Extracted data entries
---
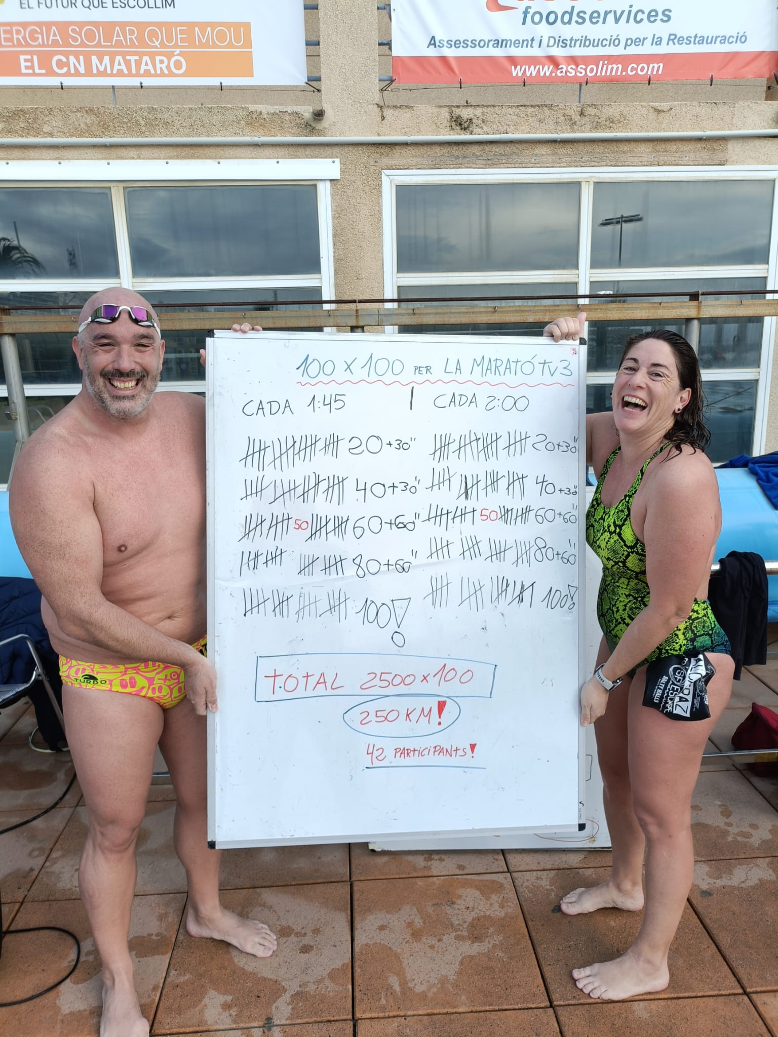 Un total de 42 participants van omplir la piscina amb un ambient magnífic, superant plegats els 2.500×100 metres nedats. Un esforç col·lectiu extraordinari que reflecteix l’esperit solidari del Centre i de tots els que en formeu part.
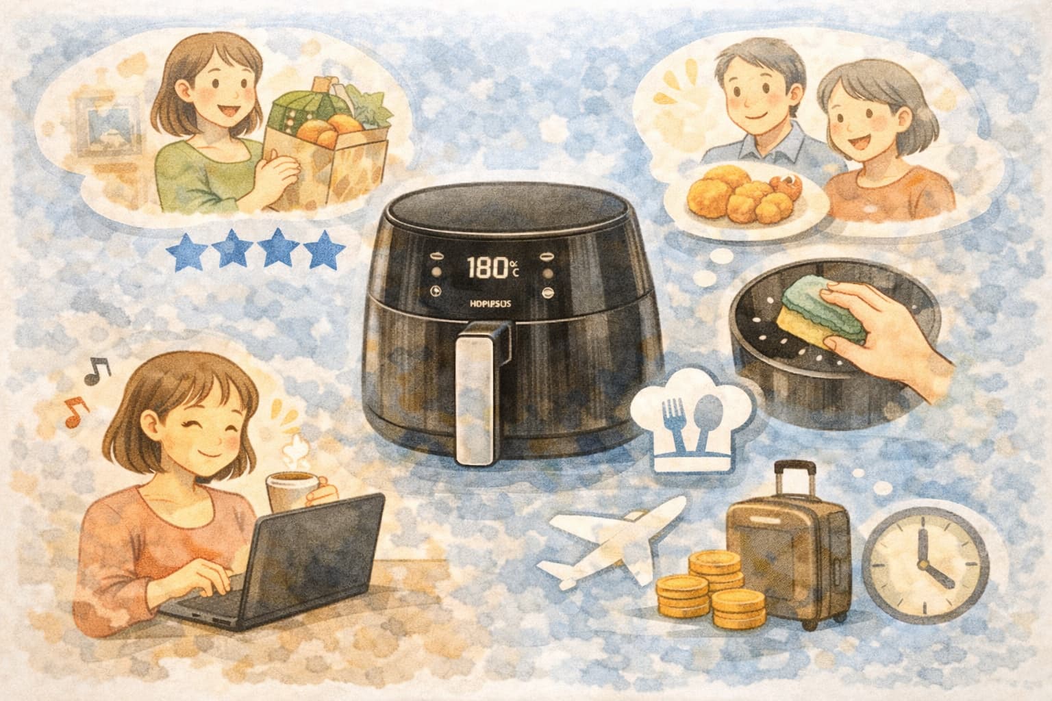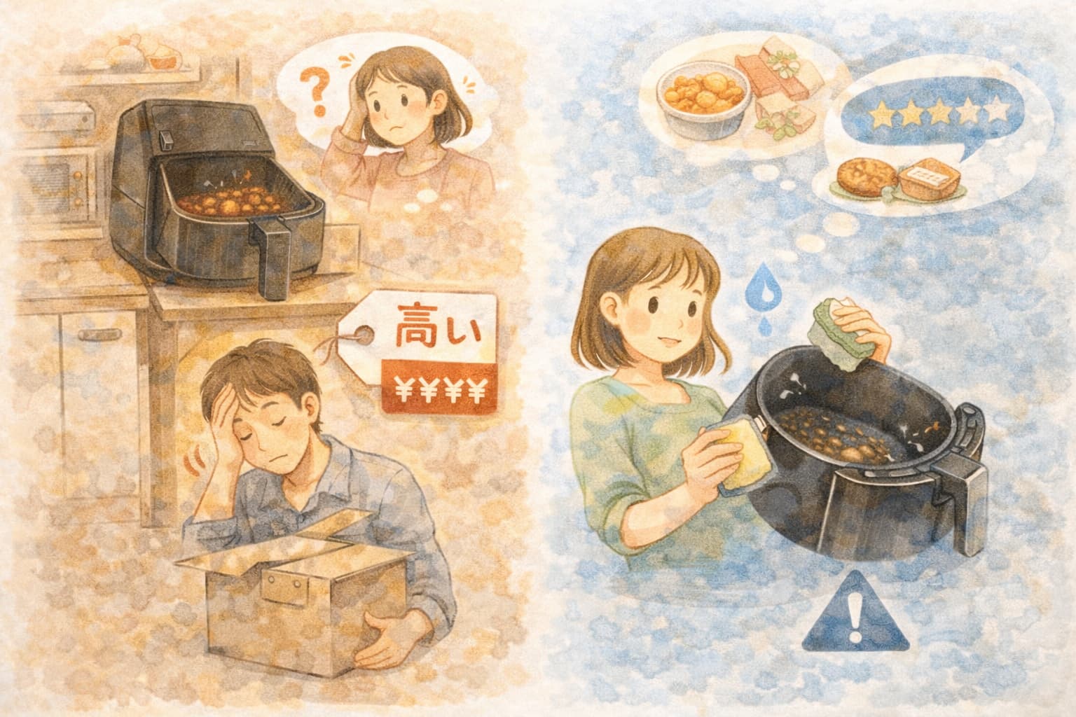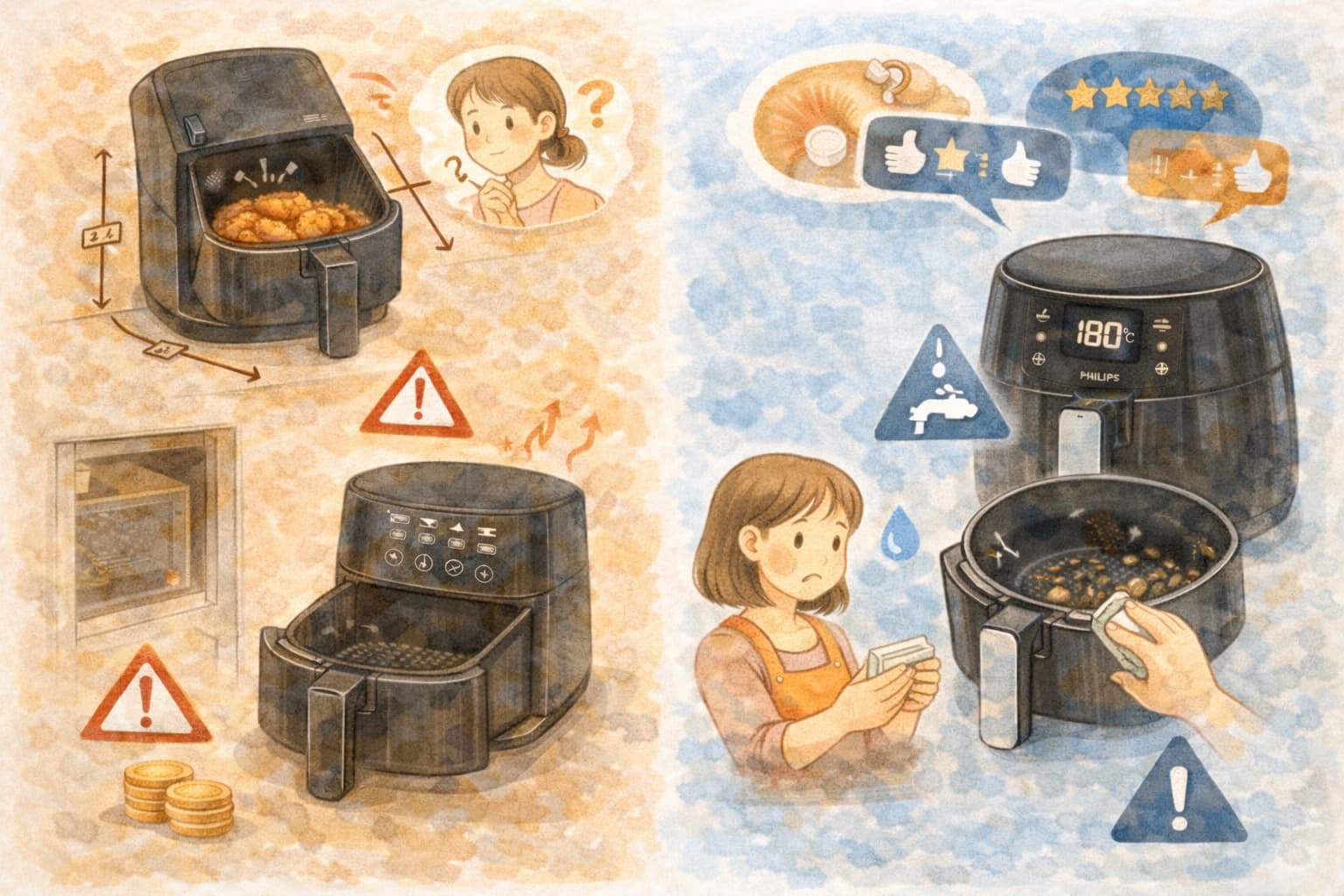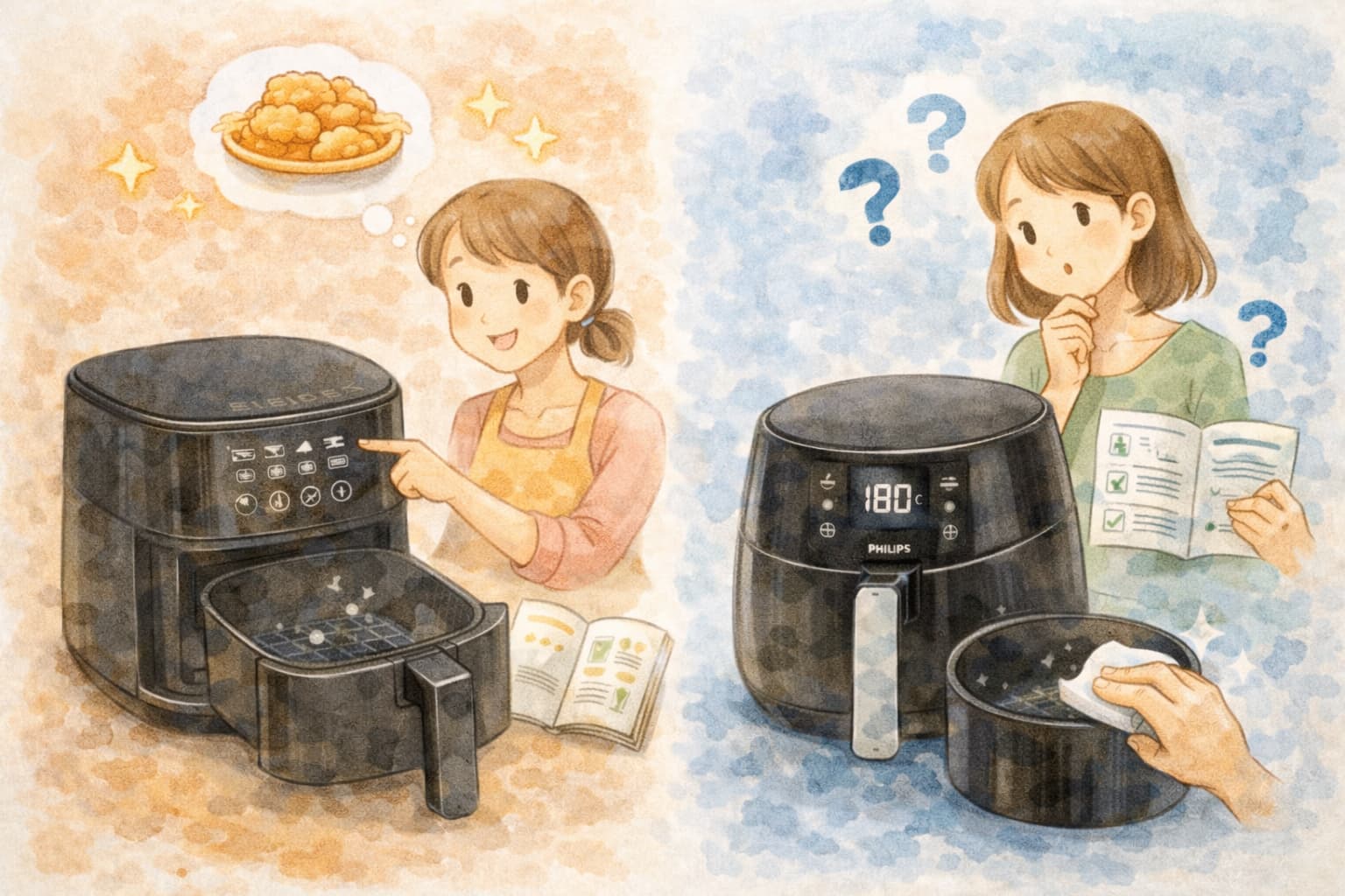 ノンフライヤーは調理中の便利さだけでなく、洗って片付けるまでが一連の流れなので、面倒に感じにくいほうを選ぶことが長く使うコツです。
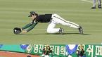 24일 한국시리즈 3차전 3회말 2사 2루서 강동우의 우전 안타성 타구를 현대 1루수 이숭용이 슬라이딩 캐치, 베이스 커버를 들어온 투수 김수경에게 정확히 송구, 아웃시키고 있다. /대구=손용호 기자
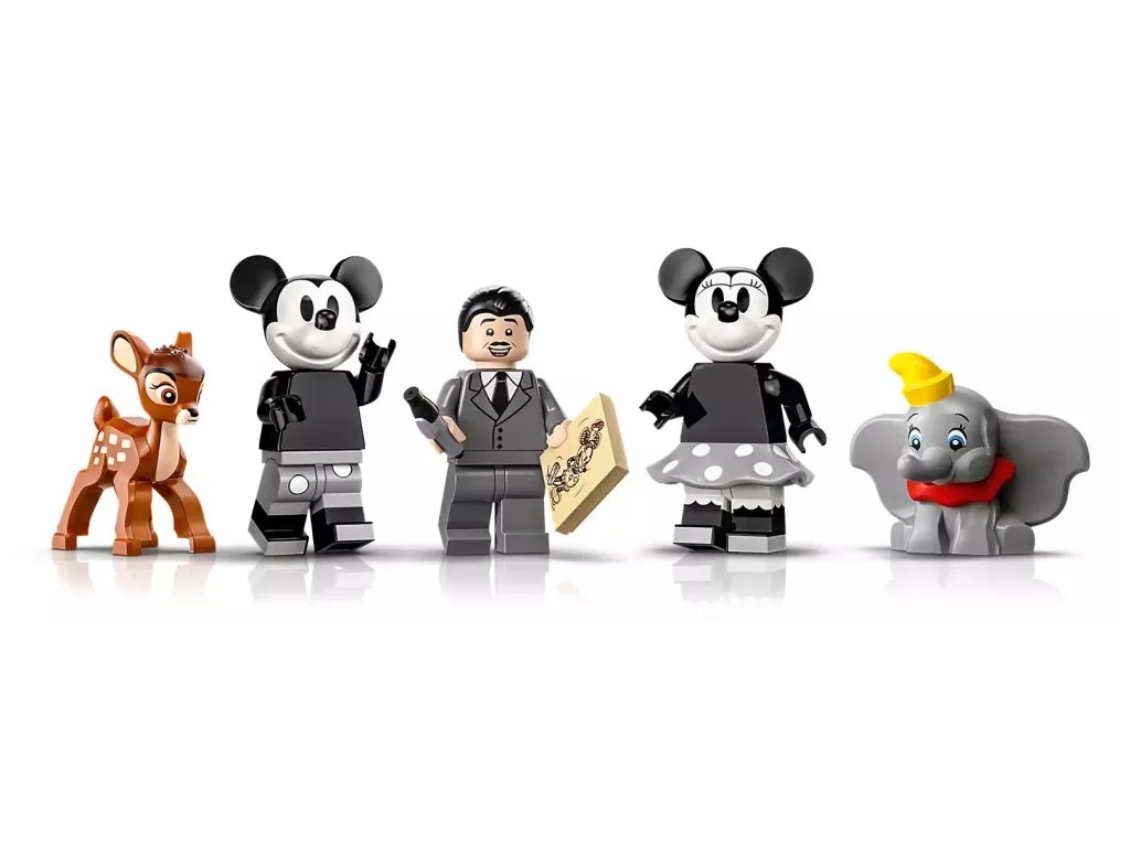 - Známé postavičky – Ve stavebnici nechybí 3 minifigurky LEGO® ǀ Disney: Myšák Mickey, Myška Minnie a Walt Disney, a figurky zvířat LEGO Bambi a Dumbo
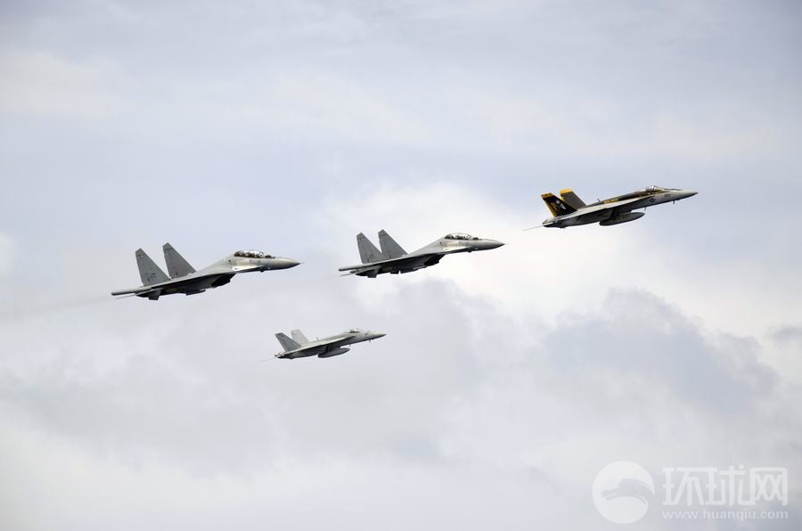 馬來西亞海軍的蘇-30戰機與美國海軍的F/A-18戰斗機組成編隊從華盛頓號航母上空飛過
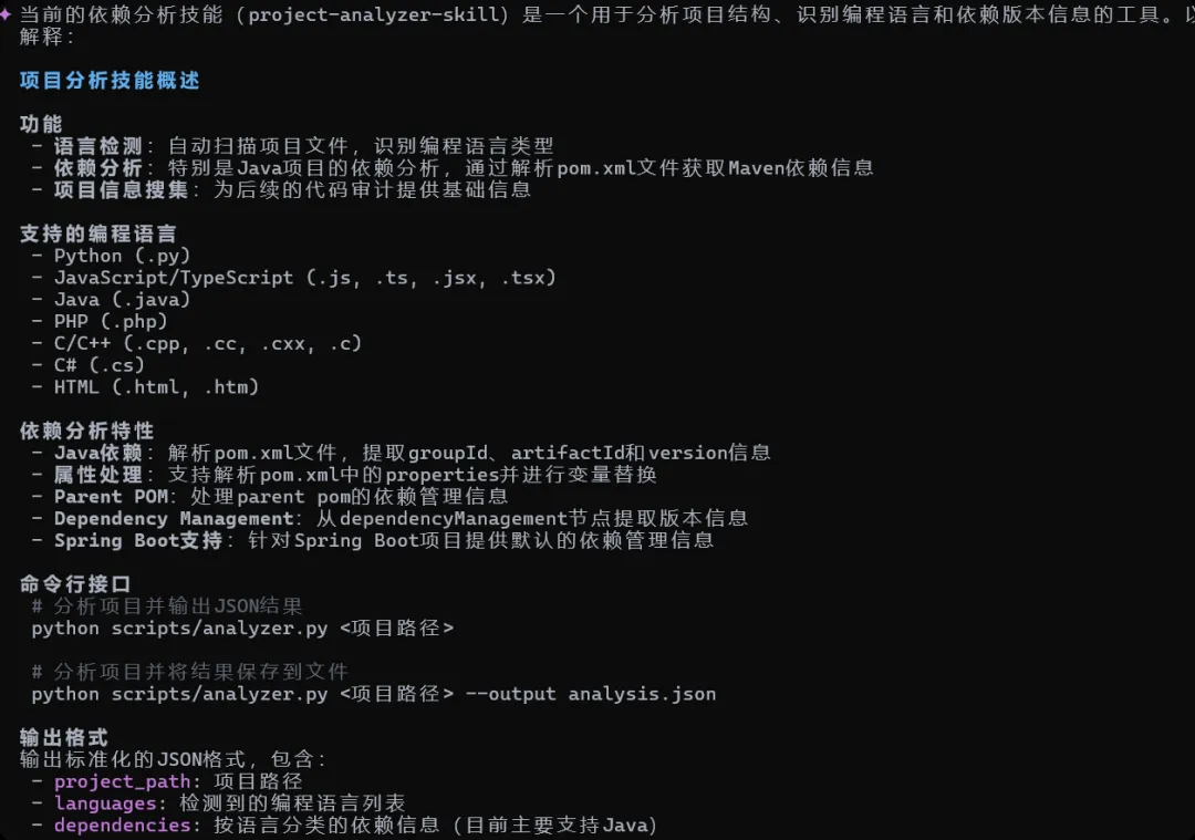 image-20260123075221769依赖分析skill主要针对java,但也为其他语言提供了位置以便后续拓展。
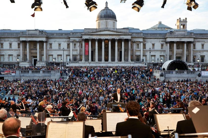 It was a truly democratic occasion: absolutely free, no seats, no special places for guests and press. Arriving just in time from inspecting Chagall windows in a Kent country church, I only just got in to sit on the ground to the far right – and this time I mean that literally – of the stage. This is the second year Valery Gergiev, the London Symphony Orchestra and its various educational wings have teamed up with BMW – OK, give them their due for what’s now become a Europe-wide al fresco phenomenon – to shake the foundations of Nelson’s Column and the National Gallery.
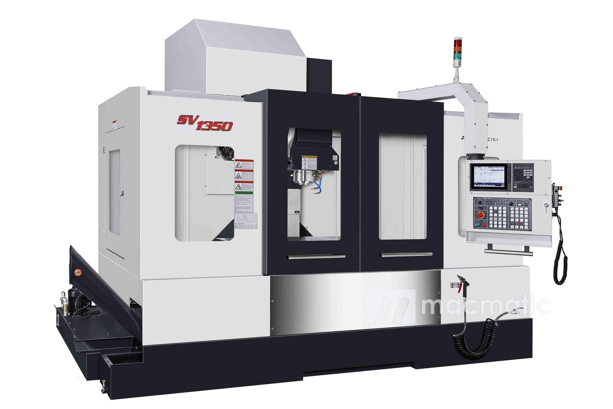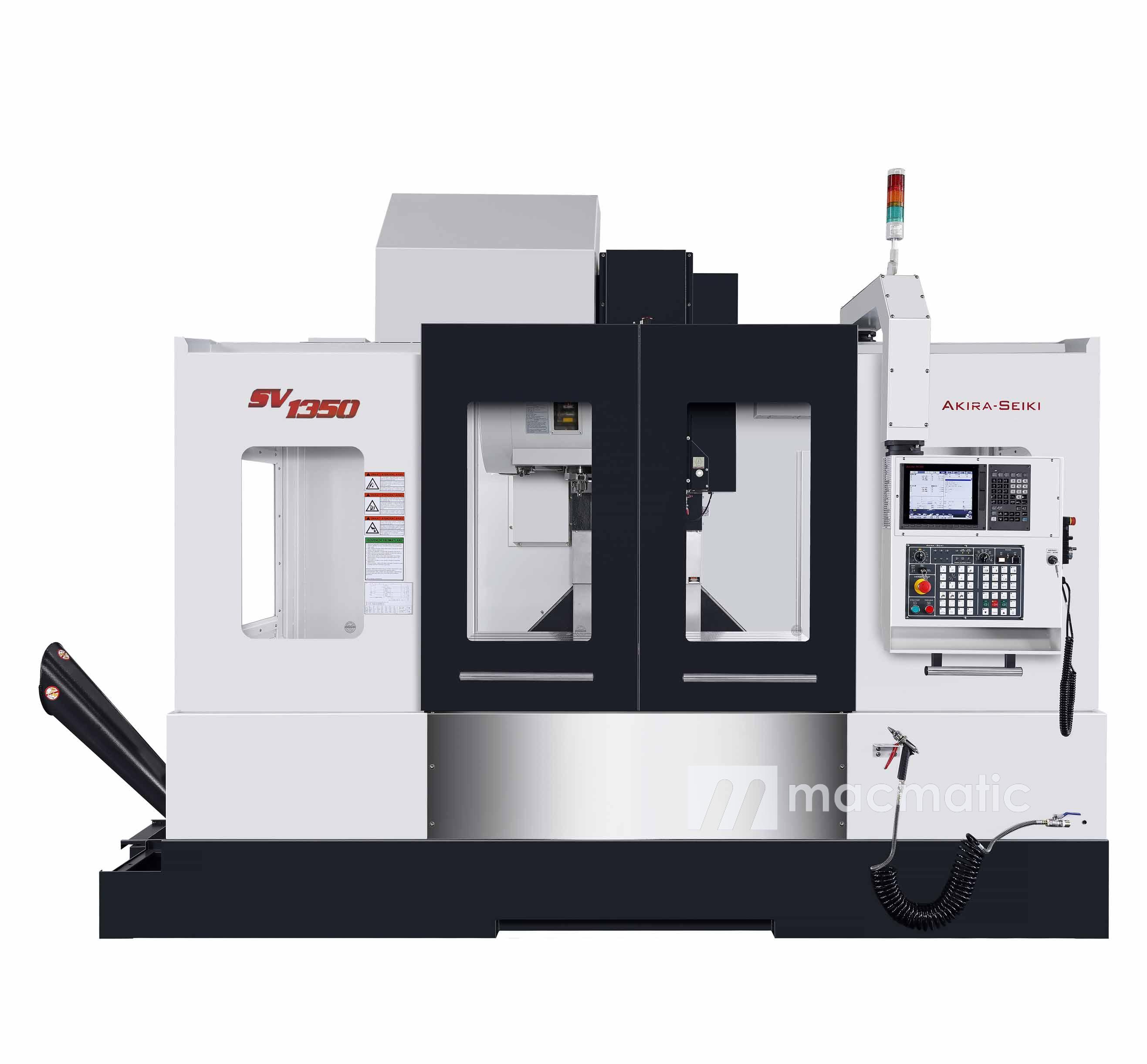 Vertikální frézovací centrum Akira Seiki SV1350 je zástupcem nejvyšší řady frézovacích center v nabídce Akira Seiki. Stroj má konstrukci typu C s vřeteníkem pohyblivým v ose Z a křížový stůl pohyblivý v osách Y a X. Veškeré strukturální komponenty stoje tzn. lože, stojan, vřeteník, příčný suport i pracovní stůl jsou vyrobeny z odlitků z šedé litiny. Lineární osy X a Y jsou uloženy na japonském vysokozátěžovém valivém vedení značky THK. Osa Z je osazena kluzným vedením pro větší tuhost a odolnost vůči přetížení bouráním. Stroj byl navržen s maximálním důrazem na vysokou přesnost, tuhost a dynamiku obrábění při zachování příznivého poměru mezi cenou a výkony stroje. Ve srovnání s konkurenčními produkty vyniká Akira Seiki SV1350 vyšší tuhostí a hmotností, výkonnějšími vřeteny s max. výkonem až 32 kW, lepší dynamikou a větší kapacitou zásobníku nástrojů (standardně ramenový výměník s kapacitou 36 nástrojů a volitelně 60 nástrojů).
---
What is needed
Give the data again exactly, image-free.

Result of this task
 Un total de 42 participants van omplir la piscina amb un ambient magnífic, superant plegats els 2.500×100 metres nedats. Un esforç col·lectiu extraordinari que reflecteix l’esperit solidari del Centre i de tots els que en formeu part.
 ノンフライヤーは調理中の便利さだけでなく、洗って片付けるまでが一連の流れなので、面倒に感じにくいほうを選ぶことが長く使うコツです。
 24일 한국시리즈 3차전 3회말 2사 2루서 강동우의 우전 안타성 타구를 현대 1루수 이숭용이 슬라이딩 캐치, 베이스 커버를 들어온 투수 김수경에게 정확히 송구, 아웃시키고 있다. /대구=손용호 기자
 - Známé postavičky – Ve stavebnici nechybí 3 minifigurky LEGO® ǀ Disney: Myšák Mickey, Myška Minnie a Walt Disney, a figurky zvířat LEGO Bambi a Dumbo
 馬來西亞海軍的蘇-30戰機與美國海軍的F/A-18戰斗機組成編隊從華盛頓號航母上空飛過
 image-20260123075221769依赖分析skill主要针对java,但也为其他语言提供了位置以便后续拓展。
 It was a truly democratic occasion: absolutely free, no seats, no special places for guests and press. Arriving just in time from inspecting Chagall windows in a Kent country church, I only just got in to sit on the ground to the far right – and this time I mean that literally – of the stage. This is the second year Valery Gergiev, the London Symphony Orchestra and its various educational wings have teamed up with BMW – OK, give them their due for what’s now become a Europe-wide al fresco phenomenon – to shake the foundations of Nelson’s Column and the National Gallery.
 Vertikální frézovací centrum Akira Seiki SV1350 je zástupcem nejvyšší řady frézovacích center v nabídce Akira Seiki. Stroj má konstrukci typu C s vřeteníkem pohyblivým v ose Z a křížový stůl pohyblivý v osách Y a X. Veškeré strukturální komponenty stoje tzn. lože, stojan, vřeteník, příčný suport i pracovní stůl jsou vyrobeny z odlitků z šedé litiny. Lineární osy X a Y jsou uloženy na japonském vysokozátěžovém valivém vedení značky THK. Osa Z je osazena kluzným vedením pro větší tuhost a odolnost vůči přetížení bouráním. Stroj byl navržen s maximálním důrazem na vysokou přesnost, tuhost a dynamiku obrábění při zachování příznivého poměru mezi cenou a výkony stroje. Ve srovnání s konkurenčními produkty vyniká Akira Seiki SV1350 vyšší tuhostí a hmotností, výkonnějšími vřeteny s max. výkonem až 32 kW, lepší dynamikou a větší kapacitou zásobníku nástrojů (standardně ramenový výměník s kapacitou 36 nástrojů a volitelně 60 nástrojů).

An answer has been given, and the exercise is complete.